My main point is that as ubiquitous as it seems, the “social network” culture or whatever you call it is a sub-culture and new, and in this case is probably a bubble in two ways, being insular, and vulnerable to a collapse. I joined more or less a different tribe, of people who think their voices and words and art could be the change the world seems to need, and generally speaking don’t get any higher-tech than a tube amp. Maybe it is more fair and auspicious to think of Yiren Lu in the same stream of thought as these other women of (roughly) my generation who rallied around their friend, or are making a difference in music per se: Mia Levin, Joan Jett, Kathleen Hanna, Carrie Brownstein, Maya Ford, Penelope Houston, Billie Eyeball, Ramona Downey, Dana LeBreque, Margrit Eichler, Heidi Rodewald, Molly Neumann, Lynn Drury, Michelle Malone, Laura Ballance, Dawn Richardson, Patti Rothberg, Jorjee Douglas, Allison Miller. Zoe Keating comes to mind as someone definitely in both tribes, as a musician who used electronica in her work and also is a poster-child for Twitter, with millions of followers (compared to the dozens at most of people who find these little bits of electronic ink on my wordpress Plastic Alto).
My critique of 3.0 or whatever this is is that it seems to be more about how clever venture capitalists can eke out one more IPO or deal than about what the devices are actually doing. (And I am also thinking of a Charlie Rose Show last night with Jaron Lanier and the CEO of kickstarter, which I think is just a fad, a billion dollar fad, but a fad nonetheless. I resigned a potential client once when he wanted to use kickstarter). Will keep eyes peeled for updates from Yiren Lu on how she sees this fishbowl.

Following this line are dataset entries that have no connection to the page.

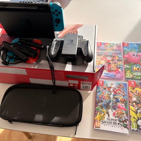 Nintendo Switch 2 I nästan helt ny skick har använt den i ca 2 veckor. Alla spel i bilden följer med samt alla tillbehör, inga repor på skärmen och skärmskydd är installerad.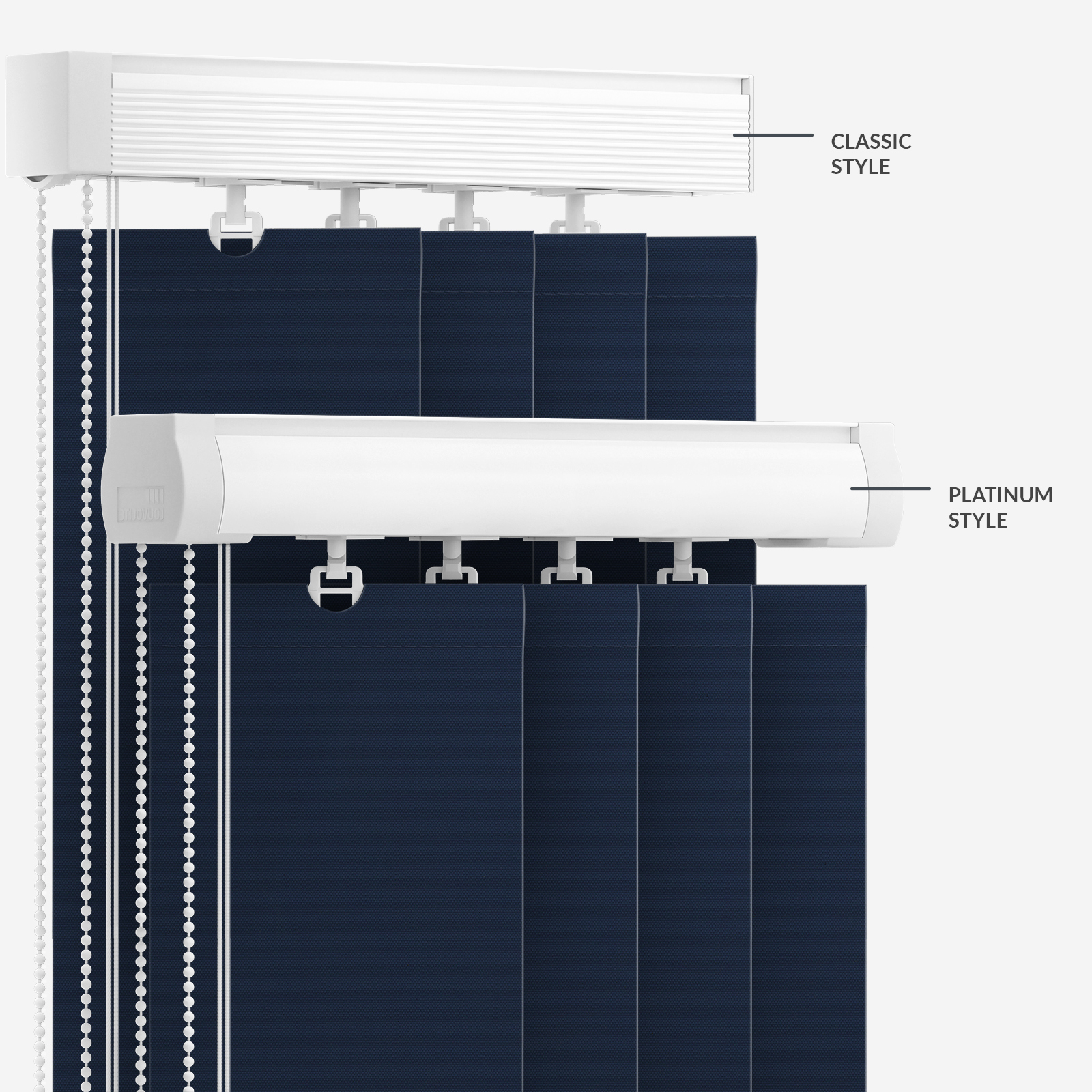 Add a natural style to your home with this Louvolite Carnival Blackout Navy vertical blind. Bringing chicness to your windows and the rest of your room, this vertical blind is the perfect option to achieve a contemporary look to your interirors. There are also a number of practical advantages, such as light control, privacy and durability. With its eye-catching plain pattern and timeless navy tones, this popular vertical blind will frame your interior with style. At Blinds Direct your experience is our utmost priority. Our skilled production teams are UK based and work around the clock to handcraft the very best blinds and homeware products in the furnishings industry - as our attention to detail is truly second to none, you'll be guaranteed the best at all times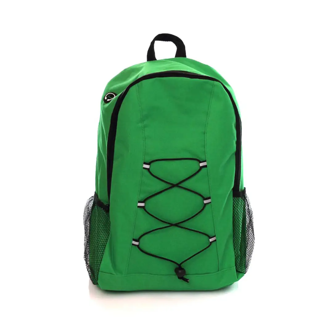 Mochila fabricada en resistente poliéster 600D. Práctico bolsillo central con cierre de cremallera y salida de auriculares, con útiles bolsillos laterales y cuerda elástica en el frontal a juego con la cremallera. Cómodas cintas ajustables a los hombros acolchadas como la espalda. Disponible en variados y desenfadados colores.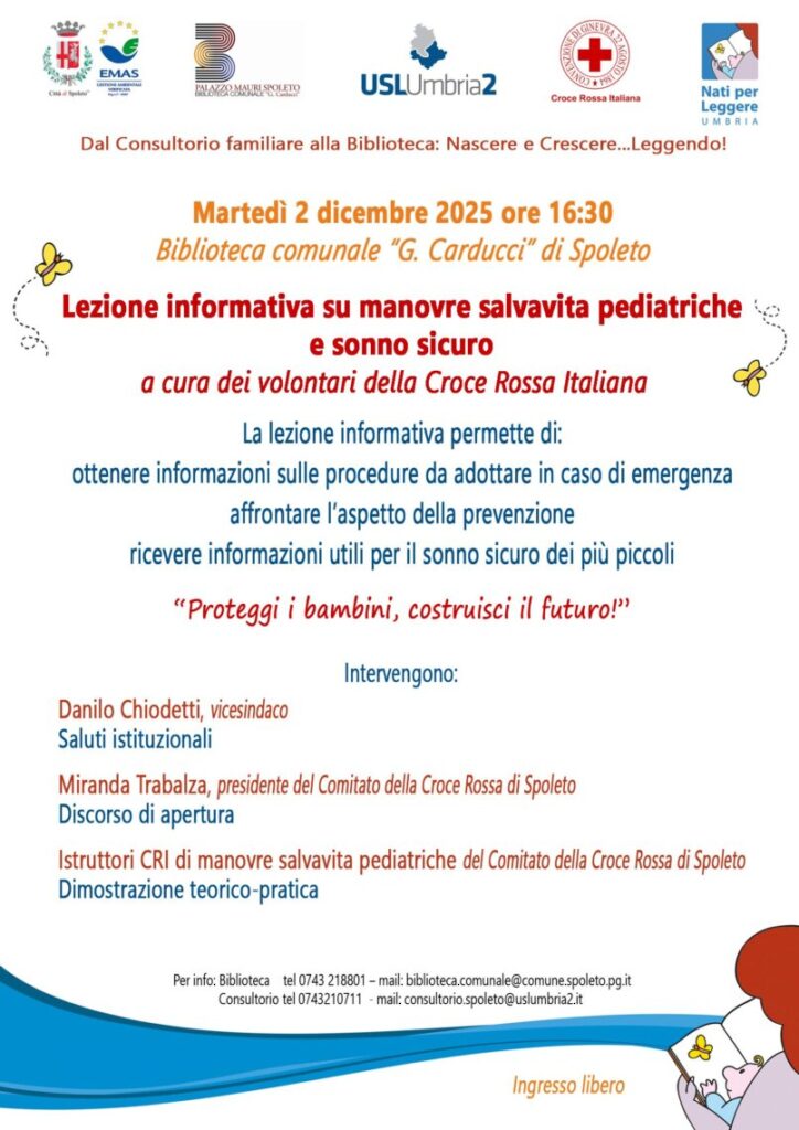 Martedì 2 dicembre 2025, alle ore 16.30, presso la biblioteca comunale “G. Carducci” di Spoleto a Palazzo Mauri si terrà l’incontro dal titolo “Lezione informativa su manovre salvavita pediatriche e sonno sicuro“ a cura dei volontari della Croce Rossa Italiana che parleranno delle procedure da adottare in caso di emergenza, affronteranno l’aspetto della prevenzione e forniranno informazioni utili per il sonno sicuro dei più piccoli.

*WHAN that Aprille with his shoures soote 1. The droghte 2 of Marche hath perced to the roote Canterbury Tales. It’s actually Middle English not Latin of course
edit to add, 10 days later: today’s Sunday Times, has something about sexual harassment at high tech company’s including something about a woman who left Github — news to me, indeed. “Technology’s Man Problem” By Claire Cain Miller>From their blog:
This weekend, GitHub employee Julie Horvath spoke publicly about negative experiences she had at GitHub that contributed to her resignation. I am deeply saddened by these developments and want to comment on what GitHub is doing to address them.
We know we have to take action and have begun a full investigation. While that’s ongoing, and effective immediately, the relevant founder has been put on leave, as has the referenced GitHub engineer. The founder’s wife discussed in the media reports has never had hiring or firing power at GitHub and will no longer be permitted in the office.

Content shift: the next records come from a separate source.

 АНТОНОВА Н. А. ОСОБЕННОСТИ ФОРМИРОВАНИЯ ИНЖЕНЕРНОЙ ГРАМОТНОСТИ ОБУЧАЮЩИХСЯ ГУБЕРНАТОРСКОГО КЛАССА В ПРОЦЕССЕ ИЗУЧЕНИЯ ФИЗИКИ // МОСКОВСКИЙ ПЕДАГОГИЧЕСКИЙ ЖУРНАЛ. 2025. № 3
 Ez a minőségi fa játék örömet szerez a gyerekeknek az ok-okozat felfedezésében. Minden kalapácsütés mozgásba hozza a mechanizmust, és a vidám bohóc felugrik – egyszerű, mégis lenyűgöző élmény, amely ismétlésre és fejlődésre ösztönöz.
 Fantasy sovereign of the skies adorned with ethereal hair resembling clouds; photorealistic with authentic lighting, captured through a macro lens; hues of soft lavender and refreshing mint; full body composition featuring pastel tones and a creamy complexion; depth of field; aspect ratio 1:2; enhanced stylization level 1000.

GitHub has grown incredibly fast over the past two years, bringing a new set of challenges. Nearly a year ago we began a search for an experienced HR Lead and that person came on board in January 2014. We still have work to do. We know that. However, making sure GitHub employees are getting the right feedback and have a safe way to voice their concerns is a primary focus of the company.
As painful as this experience has been, I am super thankful to Julie for her contributions to GitHub. Her hard work building Passion Projects has made a huge positive impact on both GitHub and the tech community at large, and she’s done a lot to help us become a more diverse company. I would like to personally apologize to Julie. It’s certain that there were things we could have done differently. We wish Julie well in her future endeavors.